Как малого ребенка, отвел Вагу к машине. Черный лимузин сверкал лаком среди тусклых пятен самосвалов и грузовиков. Только на радиаторе и никелированных колпаках налипла грязь. Прудников отвернулся от грязи, распахнул дверцу.

Бригадир отпустил женщин. Богдан Протасович окликнул ту, с которой работал рядом:

– Прошу в машину. Подвезем!

Она улыбнулась, но не двинулась с места:

– Да чего там, у нас своя трехтонка имеется.

По нижней дороге пробиться было невозможно. Прудников повел «ЗИЛ» в обход через развилку, тем же грейдером, что утром подъезжали к плотине. Прошло с того часа не много времени, но все выглядело теперь по-иному, необъятным представился разлив, и фантастичность открывшихся просторов, сливающихся с чернотой ночи, умножалась переливом огней, светом прожекторов, мельканьем фар. Огни звездной цепочкой протянулись над бетонным хребтом, перекинулись на противоположный берег. Настороженные прожекторы ощупывали плоскости бетона, подступы к шлюзам. Над грохотом и скрежетом водоворота взлетали, перекликались голоса людей.

На плотине, у самого края, словно на командном пункте, резко очерченные фигуры – Вага узнал Лебедева. Чуть дальше – скрытый мелькающими тенями, проворный, суетливый человек. Лица разглядеть невозможно, но подвижность его и непокой сразу привлекли внимание Ваги.

Прудников едва успел притормозить, Богдан Протасович выскочил из машины, кинулся на плотину.

– Сашко!

И уже обнимал инженера Петрова.

– Сашко, старик!

– Богдан, друже! Лебедев сказал мне, что ты вернулся.

– Друже! Хоть бы позвонил. Променял на бетон старого друга.

Прудников вылез из машины, обошел ее вокруг, осторожно перебираясь с камешка на камешек. При свете фар сгрудившихся самосвалов обследовал лоснящиеся бока «ЗИЛа». Потом остановился, поглядывая на плотину, на фигуры Ваги и Петрова, выхваченные световым конусом из темноты.

Лебедев обратился к Богдану Протасовичу:

– Товарищ Петров нас всех опередил. Духом чует напряжение железобетона.

– Что поделаешь, душа-то здесь осталась!

Под прямыми, в упор наведенными лучами, льдины сверкали сколотыми гранями или тускло мерцали белесой спиной, ноздреватой, изъеденной дождями, утопали в непроницаемой глубине.

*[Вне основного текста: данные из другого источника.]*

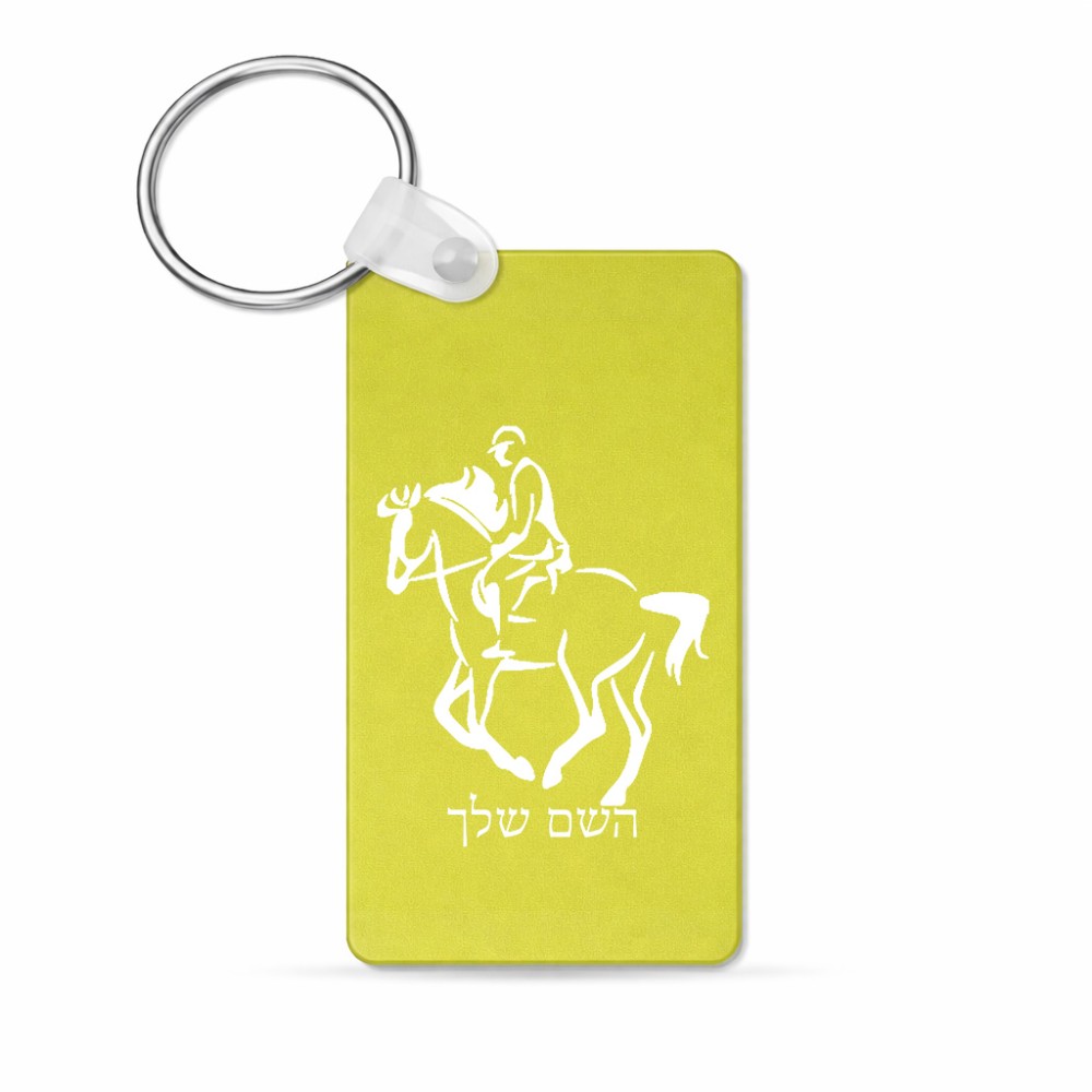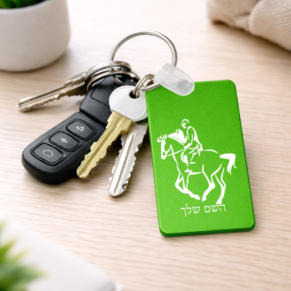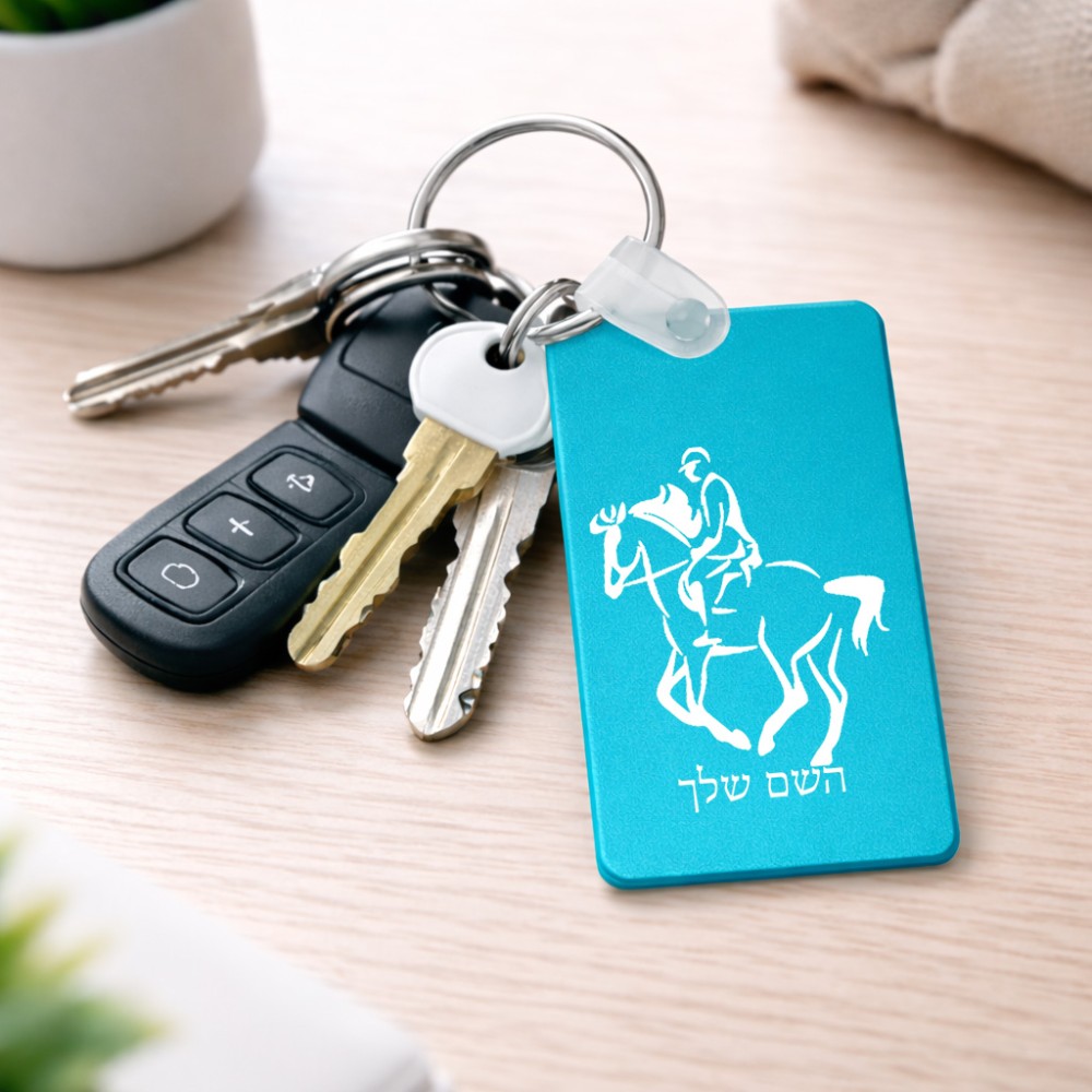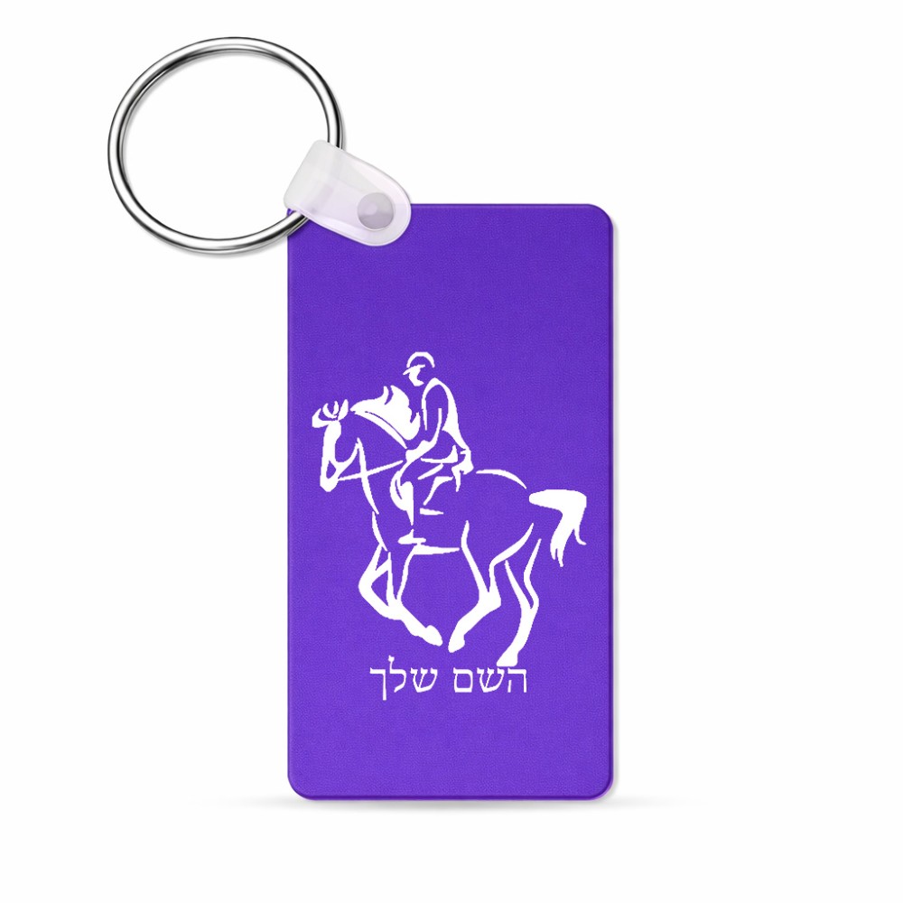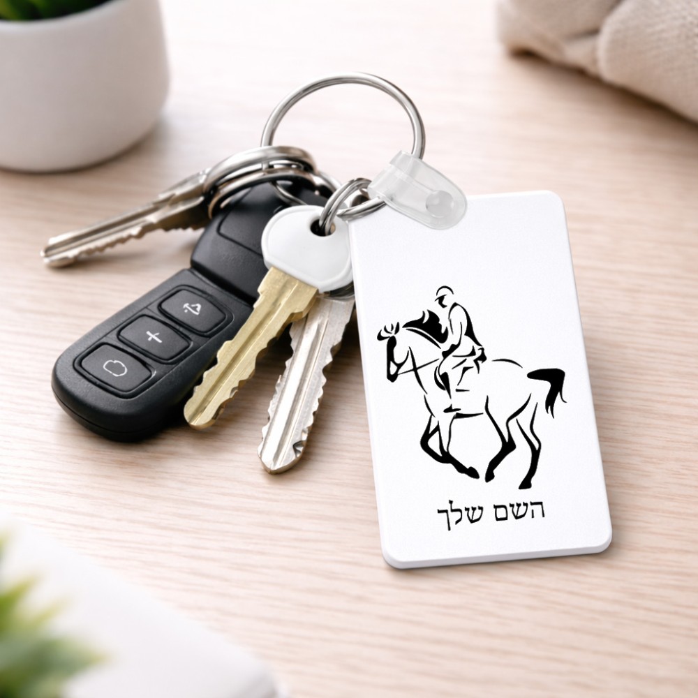 מחזיק מפתחות בצורת מלבן בעיצוב אישי עם השם שלך בעיצוב רוכב סוסים 2 גודל המחזיק 6 × 4 ס"מ. את השם המבוקש ניתן לציין בהזמנה, אם לא צויין אנחנו ניצור קשר לבירור.

Отсюда, с высоты железобетонной твердыни, все казалось иным, чем там, внизу, под земляной дамбой, когда приходилось лопатами отбиваться от надвигающихся клешней; отсюда, с железобетонной твердыни, все представлялось даже красивым, особой, неистовой красотой бушующей стихии.

Богдан Протасович готов был забыть о размытой дамбе, о потоках, хлынувших на берег. Но в этот миг из расправленной, смолистой глубины всплыла кровля человеческого жилья, завертелась, закружила, дробясь о камни, исчезла в горловине шлюза.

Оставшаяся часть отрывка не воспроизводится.